この作品のテーマは死刑執行で渡瀬意外にも多くの死刑囚が登場し、スポットが当てられます。
この漫画を読むことで死刑囚たちが一体どのような生活をしているのか、またいったいどのような心理状態なのかを考えるきっかけになりました。
このような刑務官をテーマにした話はあまりないので興味を持って読むことができると思います。
刑務官になった及川直樹は繊細な性格のため死刑囚の扱いがうまくいかず、いつも悩んでしまいます。
そんなとき彼の目の前にかつてのあこがれの存在だった渡瀬満が現れ、二人の友情と成長を描いていくといった作品です。
私はこの作品を読んで、死刑というものについて考えるきっかけができました。作中で全く反省の色を見せない死刑囚が現れ、刑務所の中で好き勝手に生きている様子でした。
そんな彼らを見て私はすぐに死刑にすればいいのではないかと考えました。
しかしその一方で、自分のしてしまった事の重大さを受け止めて反省の色を見せている死刑囚も何人かいましたし、のちに改心する死刑囚もいました。
私は最後までこの作品を読んだとき、死刑にせず罪を償わせるべきだと思いましたが、直樹は死刑はあるべきだという考えに最終的に到達していました。

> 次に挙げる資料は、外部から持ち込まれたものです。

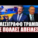 18.10.2025 - 09:00 0 Ο Αμερικανός ΥΠΑΜ απείλησε την Ρωσία με βαρύνουσες συνέπειες αν δεν λήξει τον πόλεμο μέχρι το 2026Ο Αμερικανός υπουργός Πολέμου απειλεί την Μόσχα ότι οι ΗΠΑ θα της «επιβάλουν σοβαρό κόστος» εάν δεν συμφωνήσει σε ...

人の命について考えるきっかけを作ってくれたのはこの作品が初めてです。
この作品でお勧めできる要素は心理面の動きです。
渡瀬が刑務官を失墜させるためにうそをついたり、平気な風にふるまっていてもやはり死刑を恐れているといった様子はこの作品の見所です。
刑務所に入ったことがないのではっきりとは分かりませんが、人の足音にまでおびえるといった描写は自分が精神的に追い込まれたときと同じなのだろうかと考えてしまいます。
死刑について描いた目新しい作品で読みにくいとは思いますが、ぜひ読んでほしい作品です。直樹と渡瀬の友情についても必見です。